■ Your instructions ■
Only the lines of the listing below that run from the line with "white polka dot" through the line with "Load the csv-file" are to be set down, word for word. Pictures stay out.

■ Provided entries ■

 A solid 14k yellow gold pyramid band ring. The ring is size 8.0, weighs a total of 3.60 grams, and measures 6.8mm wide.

---

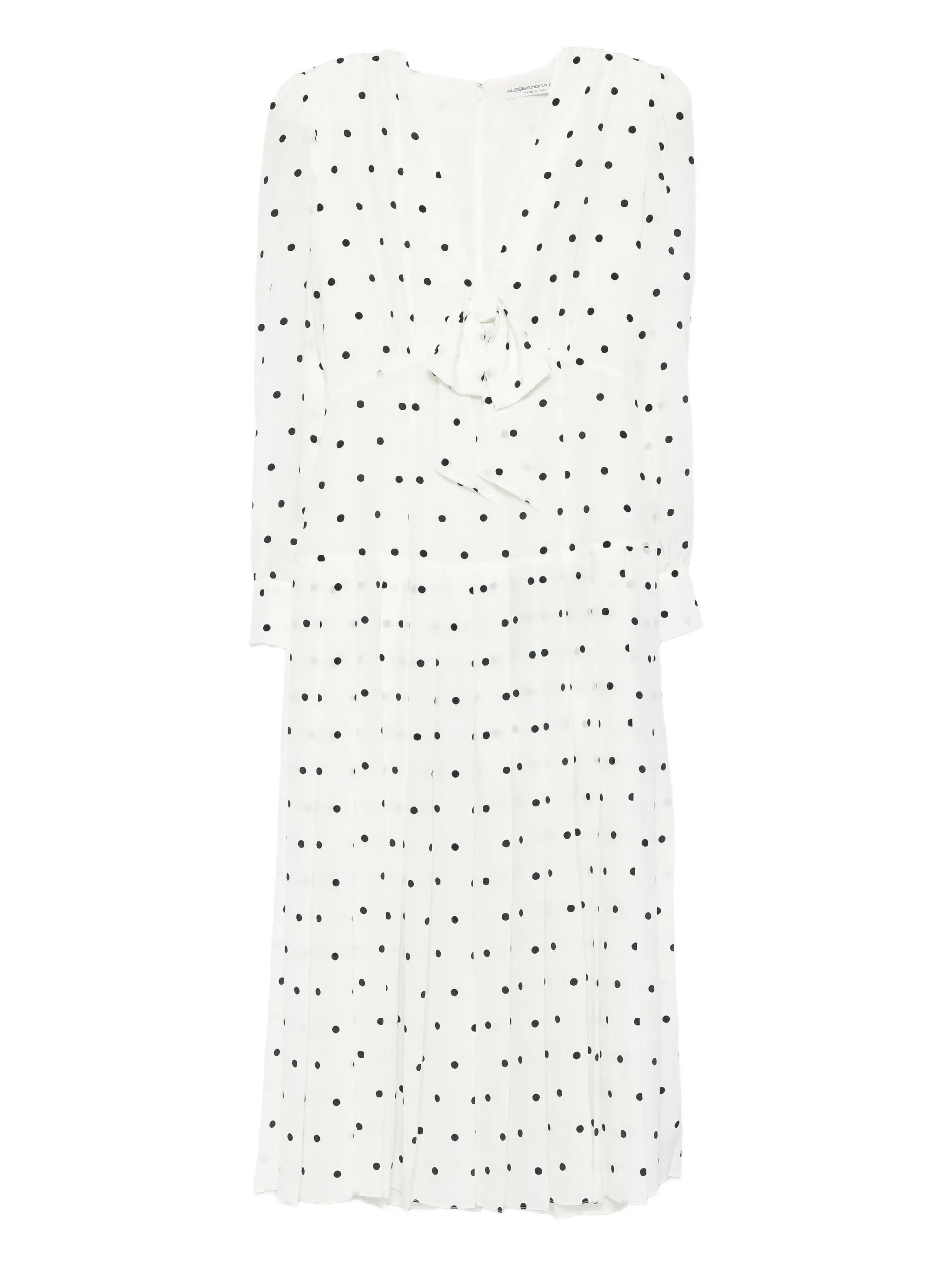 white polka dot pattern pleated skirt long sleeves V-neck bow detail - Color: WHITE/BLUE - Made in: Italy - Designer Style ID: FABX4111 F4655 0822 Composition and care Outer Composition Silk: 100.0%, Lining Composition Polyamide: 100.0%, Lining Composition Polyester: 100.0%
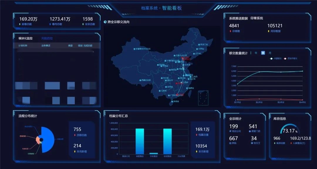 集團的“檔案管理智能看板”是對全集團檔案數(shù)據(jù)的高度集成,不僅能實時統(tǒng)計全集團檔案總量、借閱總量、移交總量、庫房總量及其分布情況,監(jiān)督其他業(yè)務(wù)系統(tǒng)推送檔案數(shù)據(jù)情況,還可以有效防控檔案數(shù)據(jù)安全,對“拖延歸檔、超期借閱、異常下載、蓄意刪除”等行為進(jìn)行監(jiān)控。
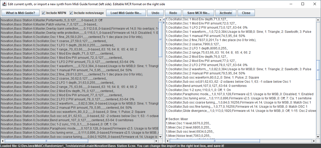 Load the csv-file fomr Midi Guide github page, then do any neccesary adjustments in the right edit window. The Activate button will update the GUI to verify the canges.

■ Result ■
 white polka dot pattern pleated skirt long sleeves V-neck bow detail - Color: WHITE/BLUE - Made in: Italy - Designer Style ID: FABX4111 F4655 0822 Composition and care Outer Composition Silk: 100.0%, Lining Composition Polyamide: 100.0%, Lining Composition Polyester: 100.0%
 集團的“檔案管理智能看板”是對全集團檔案數(shù)據(jù)的高度集成,不僅能實時統(tǒng)計全集團檔案總量、借閱總量、移交總量、庫房總量及其分布情況,監(jiān)督其他業(yè)務(wù)系統(tǒng)推送檔案數(shù)據(jù)情況,還可以有效防控檔案數(shù)據(jù)安全,對“拖延歸檔、超期借閱、異常下載、蓄意刪除”等行為進(jìn)行監(jiān)控。
 Load the csv-file fomr Midi Guide github page, then do any neccesary adjustments in the right edit window. The Activate button will update the GUI to verify the canges.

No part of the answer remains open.